There are of course massive losses incurred by artists and photographers who aren’t able to hold their scheduled exhibitions. Street art is a ray of sunshine during the pandemic

Planet earth has witnessed various pandemics and disease outbreaks like plague, cholera, influenza, smallpox, among others. Direct parallels have been drawn with the Spanish flue which paralyses the world exactly a century ago in 1918. The world is struggling to develop a vaccine for the SARS-CoV-2 novel Corona virus and there have been various attempts at finding out foolproof cure for the deadly virus. The 1918 influenza pandemic (Spanish flu) infected over 500 million people over a span of two years. 

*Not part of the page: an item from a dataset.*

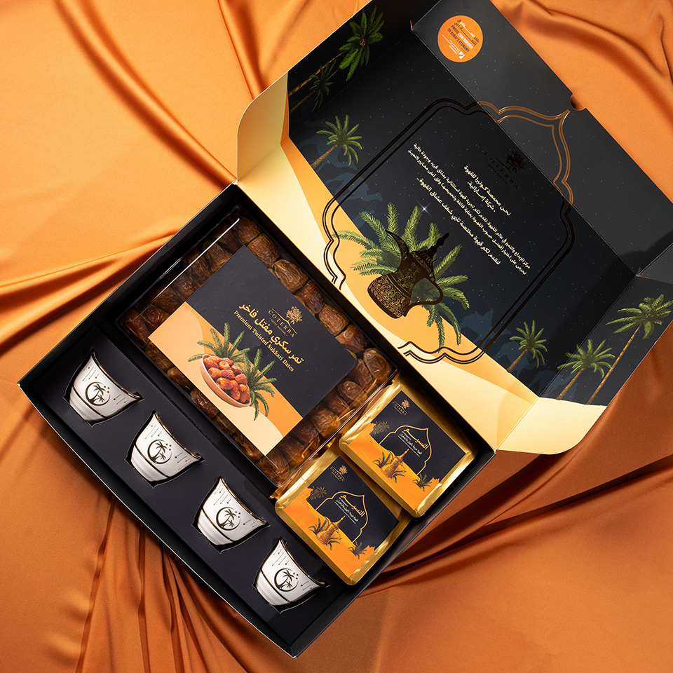 Paired with four elegant Arabic coffee cups and a box of premium Sukari dates, this collection is designed to bring people together, creating moments of connection after every Iftar.

According to Artnet News, “There are few obvious depictions of the disease in canonized art and literature, and the images it recalls are not as vivid as those that followed, say, the AIDS crisis.”

Trevor Smith, a curator at the Peabody Essex Museum and the co-curator of an exhibition on the Spanish Flu held last year at the Mütter Museum in Philadelphia said “ “Millions of people lost their lives around the world, and it’s hard to even wrap your head around that,” he says. “There haven’t been many monuments or memorials to the people who died in that pandemic.” 

Trevor Smith and his team commissioned a collective for “Spit Spreads Death,” referred to as Blast Theory to create by mental act a new work to commemorate Spanish flu. Their resolution was to arrange a 500-person parade, on Broad Street in Metropolis in September 2019. Marchers displayed placards with the names of victims and tending employees UN agency died throughout the pandemic in respect to a parade of two hundred thousand people

A similar instance can be quoted during the COVID-19 pandemic when an edition of New York Times on May 24,2020 enlisted the names of Americans who lost their lives to the Coronavirus.